#### DATA FOR REVIEW:
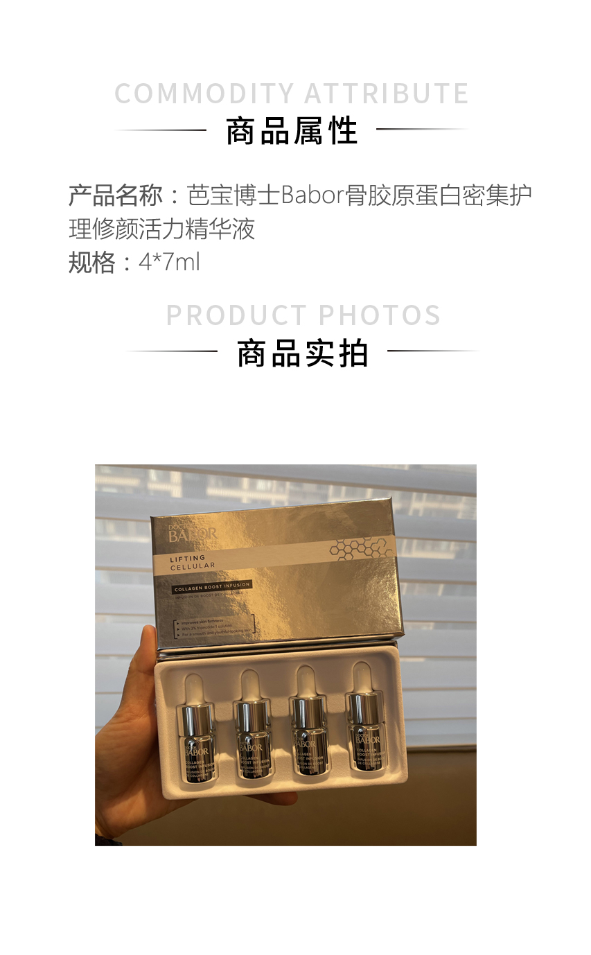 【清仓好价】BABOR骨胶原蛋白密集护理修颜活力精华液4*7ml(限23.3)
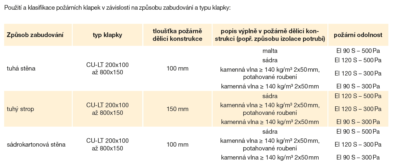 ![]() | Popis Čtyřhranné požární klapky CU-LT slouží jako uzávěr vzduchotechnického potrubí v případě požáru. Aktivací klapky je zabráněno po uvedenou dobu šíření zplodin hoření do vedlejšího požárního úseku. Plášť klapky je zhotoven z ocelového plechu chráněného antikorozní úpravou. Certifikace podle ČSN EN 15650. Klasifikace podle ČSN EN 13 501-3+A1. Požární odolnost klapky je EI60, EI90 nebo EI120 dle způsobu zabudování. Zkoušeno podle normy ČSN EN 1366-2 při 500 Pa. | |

* * *

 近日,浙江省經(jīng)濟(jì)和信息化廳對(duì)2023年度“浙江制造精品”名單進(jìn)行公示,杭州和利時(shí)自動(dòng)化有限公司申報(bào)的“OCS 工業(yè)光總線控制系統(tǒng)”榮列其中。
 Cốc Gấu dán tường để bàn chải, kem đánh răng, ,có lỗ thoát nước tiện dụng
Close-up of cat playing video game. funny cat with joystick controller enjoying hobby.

---

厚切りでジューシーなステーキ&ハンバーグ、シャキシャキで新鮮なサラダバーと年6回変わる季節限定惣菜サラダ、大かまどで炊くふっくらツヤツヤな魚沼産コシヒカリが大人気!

#### EXERCISE DIRECTIONS:
Wherever the line holding "近日,浙江省經(jīng)濟" falls in the entries above, copy exactly from it through the line holding "Close-up of cat", inclusive, and add nothing.

#### ANSWER BOX:
 近日,浙江省經(jīng)濟(jì)和信息化廳對(duì)2023年度“浙江制造精品”名單進(jìn)行公示,杭州和利時(shí)自動(dòng)化有限公司申報(bào)的“OCS 工業(yè)光總線控制系統(tǒng)”榮列其中。
 Cốc Gấu dán tường để bàn chải, kem đánh răng, ,có lỗ thoát nước tiện dụng
Close-up of cat playing video game. funny cat with joystick controller enjoying hobby.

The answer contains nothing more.